Top of SUPPLIED DATA

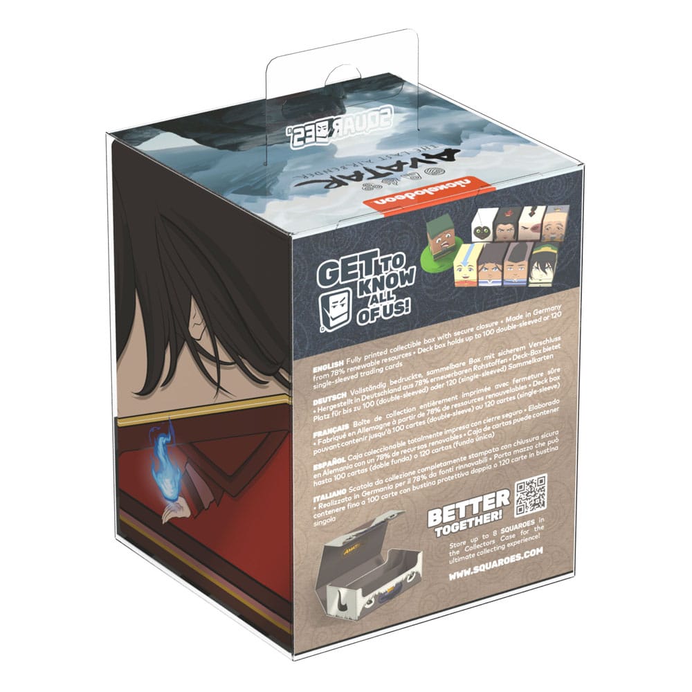 Sammelbare Box zur Aufbewahrung von TCG-Decks, Tabletop-Zubehör und/oder Sammlerstücken. Der Azula Squaroe aus der Avatar: The Last Airbender™-Edition bietet als Deck-Box benutzt Platz für bis zu 100 Spielkarten in doppelter Schutzhülle. Squaroes werden aus 78% erneuerbaren Rohstoffen hergestellt und passen perfekt in das separat erhältliche Collectors Case.
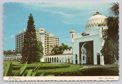 The golden age ended around 1970. The government, headed towards independence from Britain, became embarrassed by the private enclave and stripped away some of its rights. Around the same time, Florida liberalized its gambling regime, cutting off the flood of Floridians coming to play the slots. Control of the concession passed from Groves, to his business partners, to his business partner’s widow, and finally to a random collection of only mildly-interested heirs. Two big hurricanes in 2004 were the last straw. Grand Bahama is still a popular cruise destination, it still has a well-built port and surprisingly nice airport, and some of the old hotels still stand. But nobody would describe it as a happening place.
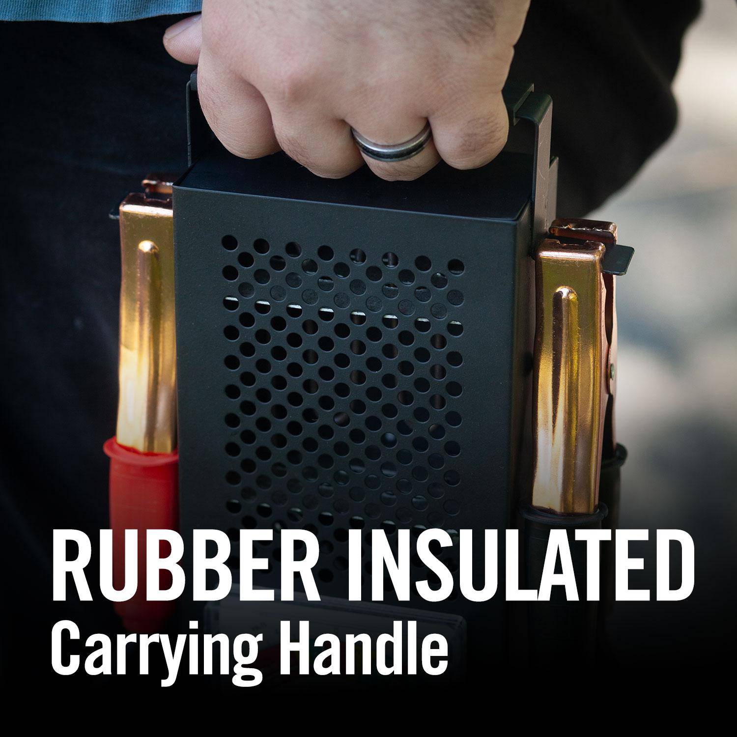 Rubber insulated carrying handle and color-coded heavy duty alligator clamps to ensure user safety
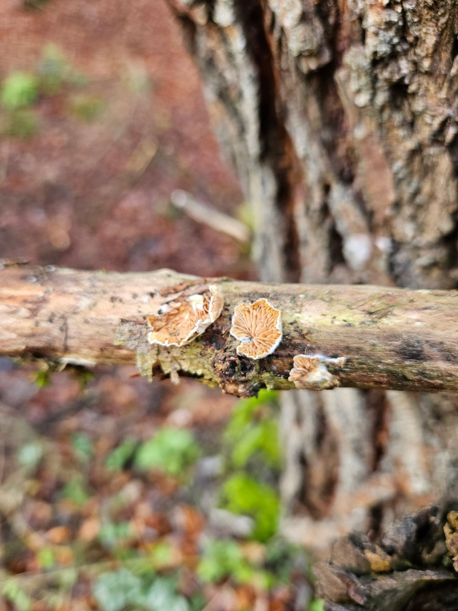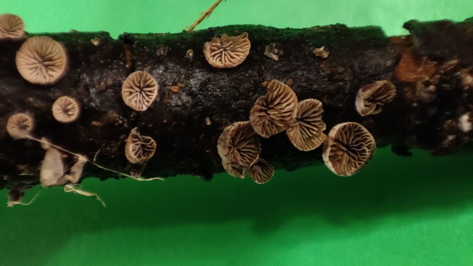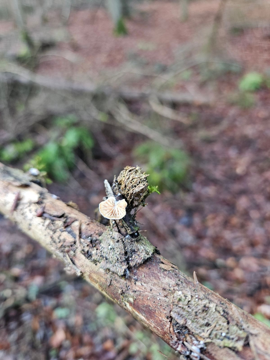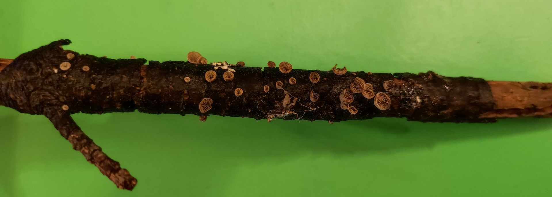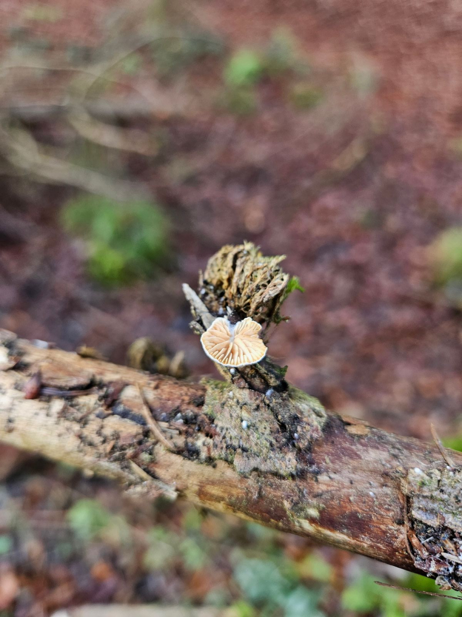 Aber mein "Pilzauge" hatte es rechtzeitig erspäht und ich holte es aus dem Haufen. Ich wurde nicht enttäuscht: Das Ästchen sitzt voller winziger schüsselförmiger Lamellenpilzchen, und mehr Fruchtkörperchen wollen noch sprießen!

Bottom of SUPPLIED DATA

INSTRUCTIONS FOR THE TASK -
Restate the lines above exactly, from the one bearing "Rubber insulated carrying" through the final line of the material, both included, omitting pictures.

WRITTEN ANSWER -
 Rubber insulated carrying handle and color-coded heavy duty alligator clamps to ensure user safety
 Aber mein "Pilzauge" hatte es rechtzeitig erspäht und ich holte es aus dem Haufen. Ich wurde nicht enttäuscht: Das Ästchen sitzt voller winziger schüsselförmiger Lamellenpilzchen, und mehr Fruchtkörperchen wollen noch sprießen!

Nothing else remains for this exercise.